## DATA FOR THIS EXERCISE

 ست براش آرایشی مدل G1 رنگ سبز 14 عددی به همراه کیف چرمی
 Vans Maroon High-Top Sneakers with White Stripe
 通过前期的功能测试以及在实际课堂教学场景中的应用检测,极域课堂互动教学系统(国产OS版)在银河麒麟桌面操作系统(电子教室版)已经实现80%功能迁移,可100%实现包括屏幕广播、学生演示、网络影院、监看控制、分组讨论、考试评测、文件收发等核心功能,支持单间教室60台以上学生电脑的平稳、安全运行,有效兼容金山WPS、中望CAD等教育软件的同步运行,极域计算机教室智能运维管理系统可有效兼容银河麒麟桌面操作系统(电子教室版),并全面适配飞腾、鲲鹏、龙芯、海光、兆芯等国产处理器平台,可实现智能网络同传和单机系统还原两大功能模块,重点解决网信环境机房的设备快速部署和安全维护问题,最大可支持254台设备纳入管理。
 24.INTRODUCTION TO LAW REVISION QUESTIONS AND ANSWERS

---

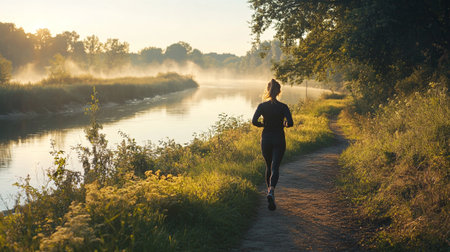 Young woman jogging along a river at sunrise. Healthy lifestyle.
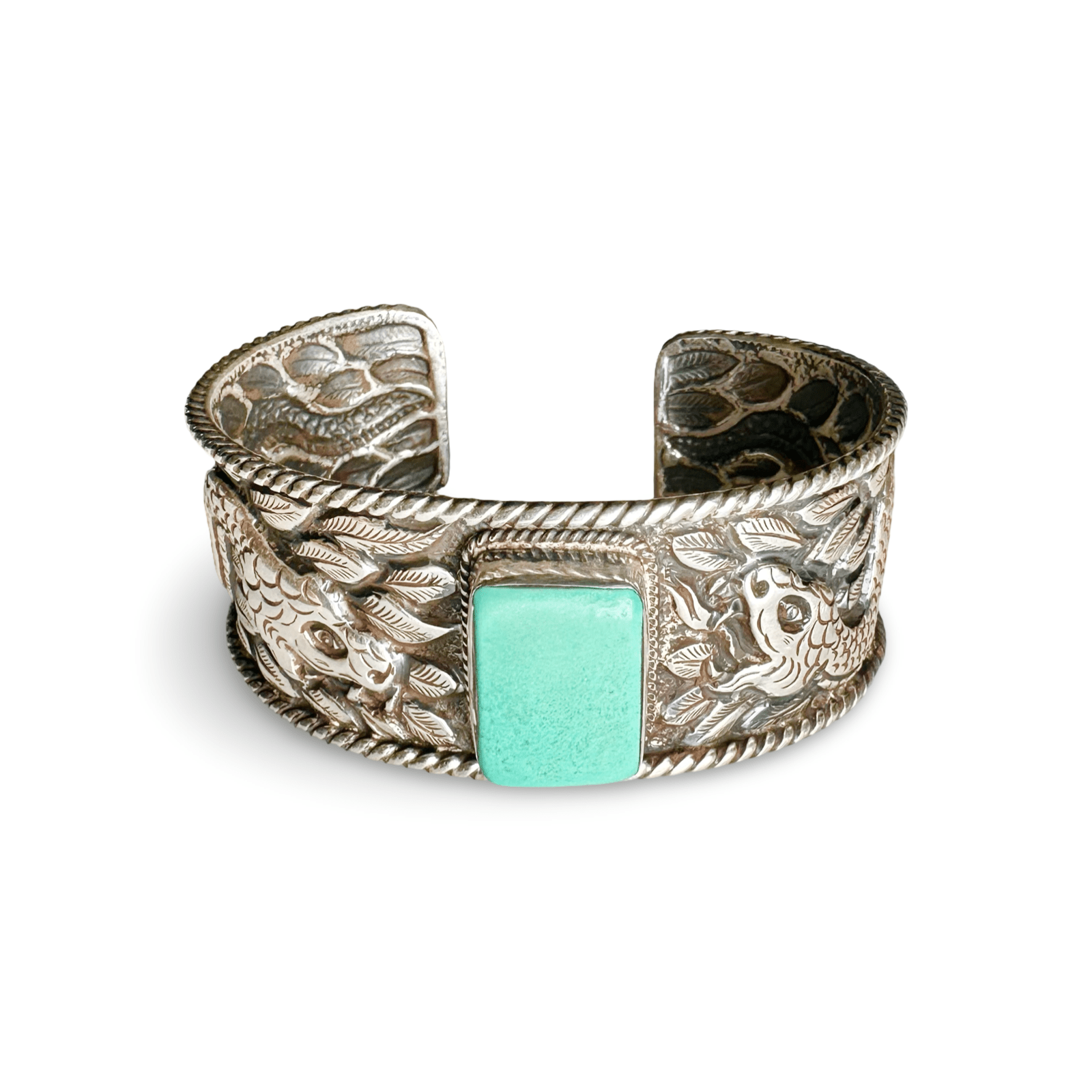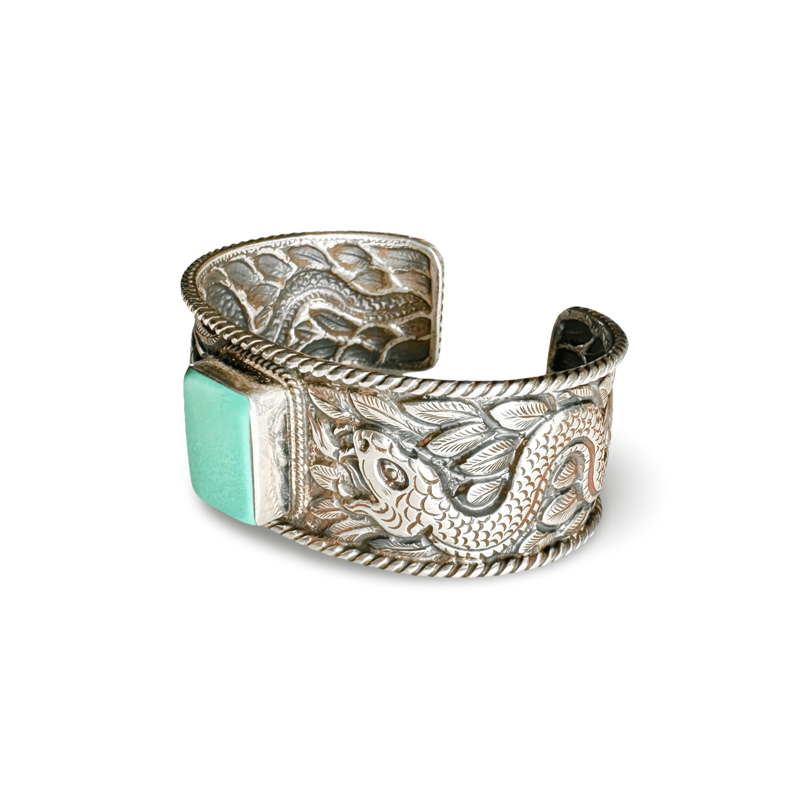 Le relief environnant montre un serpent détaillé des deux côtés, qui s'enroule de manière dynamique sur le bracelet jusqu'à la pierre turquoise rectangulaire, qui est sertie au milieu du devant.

## WHAT NEEDS TO BE DONE
Repeat exactly the lines of the listing above, from the one with "ست براش آرایشی" down to the one with "24.INTRODUCTION TO LAW"; both of those lines belong in the range.

## EXERCISE RESULT
 ست براش آرایشی مدل G1 رنگ سبز 14 عددی به همراه کیف چرمی
 Vans Maroon High-Top Sneakers with White Stripe
 通过前期的功能测试以及在实际课堂教学场景中的应用检测,极域课堂互动教学系统(国产OS版)在银河麒麟桌面操作系统(电子教室版)已经实现80%功能迁移,可100%实现包括屏幕广播、学生演示、网络影院、监看控制、分组讨论、考试评测、文件收发等核心功能,支持单间教室60台以上学生电脑的平稳、安全运行,有效兼容金山WPS、中望CAD等教育软件的同步运行,极域计算机教室智能运维管理系统可有效兼容银河麒麟桌面操作系统(电子教室版),并全面适配飞腾、鲲鹏、龙芯、海光、兆芯等国产处理器平台,可实现智能网络同传和单机系统还原两大功能模块,重点解决网信环境机房的设备快速部署和安全维护问题,最大可支持254台设备纳入管理。
 24.INTRODUCTION TO LAW REVISION QUESTIONS AND ANSWERS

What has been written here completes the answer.